TASK DESCRIPTION:
Return the listing below unchanged, but without pictures.

DATASET EXTRACT:
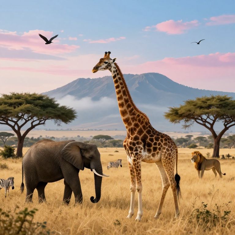 In this surrealistic savanna landscape, a majestic giraffe stands tall, its long neck and spotted coat contrasting against the golden grasslands. To its left, an elephant, with its massive gray body and trunk, appears to be grazing peacefully. A zebra, with its distinctive black and white stripes, is seen in the distance, adding to the diversity of wildlife. Above, a lion, with its sleek body and mane, prowls the savanna, its gaze fixed on the horizon. The scene is framed by acacia trees and scattered bushes, their shapes and textures adding depth to the landscape. In the background, a majestic mountain range rises, its peaks shrouded in mist, creating a sense of grandeur and mystery. The sky above is a mix of soft blues and pinks, with birds soaring freely, their silhouettes adding a dynamic element to the scene. The overall composition is balanced, with each element carefully placed to create a harmonious and visually captivating image.
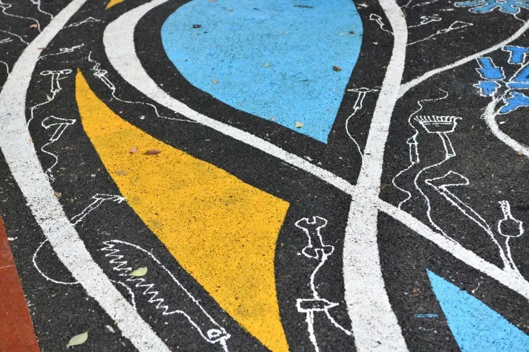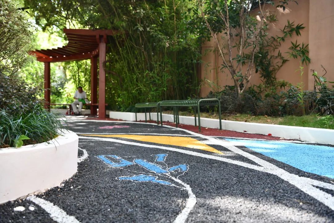 《工具之花》街边花园也是此次艺术季的新作品。坐落在抚顺路鞍山路路口的这个街边花园原本阴暗脏乱,是一个卫生死角。通过破除原有的破旧围挡,将空间开放给社区居民;布置袖珍绿植景观和地面铺装,提升场地的品质。花台和地面地面的流线型设计,都来源于街角的一颗向阳花种子,这些线条如同植物藤蔓顺势生长,不断变换色彩和形态,生出各类工具形态的果荚和花朵。工具的应用,则来源于上海老工人新村的回忆。正如设计团队所表达的,“大量产业工人为上海的建设做出了贡献,如今他们年纪大了,我们希望通过小公园的开辟和地绘的创作,让他们劳动的记忆重新绽放,他们可以给儿孙辈份工具识图,讲述工具的知识,传承文化,再放新花。”
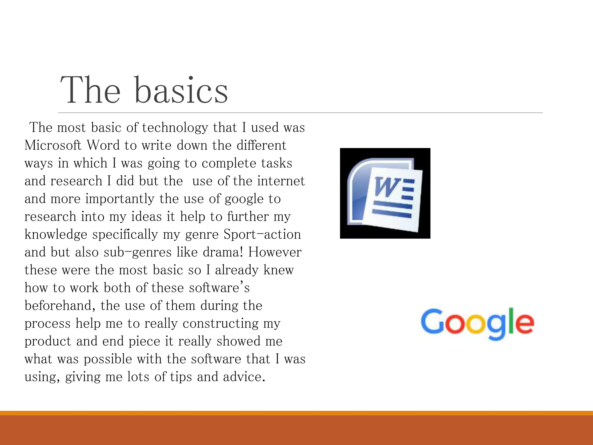1) The document discusses the various technologies the author learned and used during the process of constructing a media product, including Microsoft Word, Google, Blogger, SlideShare, Prezi, SurveyMonkey, a Sony Handycam, Final Cut Pro, Epidemic Sound, and a memory stick.
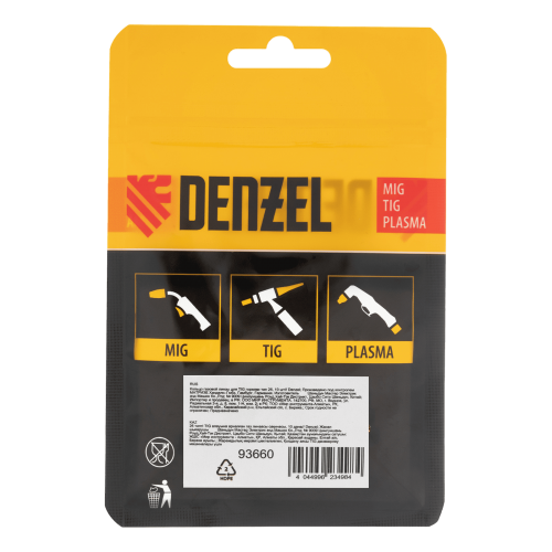 Кольцо газовой линзы Denzel 93660, 10 шт. в упаковке, предназначено для установки на TIG-горелку типа 26. Совместимо с TIG-горелками Denzel 93643, 93644, а также с моделями других торговых марок с аналогичным посадочным разъемом.

RESULT OF THIS TASK:
 In this surrealistic savanna landscape, a majestic giraffe stands tall, its long neck and spotted coat contrasting against the golden grasslands. To its left, an elephant, with its massive gray body and trunk, appears to be grazing peacefully. A zebra, with its distinctive black and white stripes, is seen in the distance, adding to the diversity of wildlife. Above, a lion, with its sleek body and mane, prowls the savanna, its gaze fixed on the horizon. The scene is framed by acacia trees and scattered bushes, their shapes and textures adding depth to the landscape. In the background, a majestic mountain range rises, its peaks shrouded in mist, creating a sense of grandeur and mystery. The sky above is a mix of soft blues and pinks, with birds soaring freely, their silhouettes adding a dynamic element to the scene. The overall composition is balanced, with each element carefully placed to create a harmonious and visually captivating image.
 《工具之花》街边花园也是此次艺术季的新作品。坐落在抚顺路鞍山路路口的这个街边花园原本阴暗脏乱,是一个卫生死角。通过破除原有的破旧围挡,将空间开放给社区居民;布置袖珍绿植景观和地面铺装,提升场地的品质。花台和地面地面的流线型设计,都来源于街角的一颗向阳花种子,这些线条如同植物藤蔓顺势生长,不断变换色彩和形态,生出各类工具形态的果荚和花朵。工具的应用,则来源于上海老工人新村的回忆。正如设计团队所表达的,“大量产业工人为上海的建设做出了贡献,如今他们年纪大了,我们希望通过小公园的开辟和地绘的创作,让他们劳动的记忆重新绽放,他们可以给儿孙辈份工具识图,讲述工具的知识,传承文化,再放新花。”
1) The document discusses the various technologies the author learned and used during the process of constructing a media product, including Microsoft Word, Google, Blogger, SlideShare, Prezi, SurveyMonkey, a Sony Handycam, Final Cut Pro, Epidemic Sound, and a memory stick.
 Кольцо газовой линзы Denzel 93660, 10 шт. в упаковке, предназначено для установки на TIG-горелку типа 26. Совместимо с TIG-горелками Denzel 93643, 93644, а также с моделями других торговых марок с аналогичным посадочным разъемом.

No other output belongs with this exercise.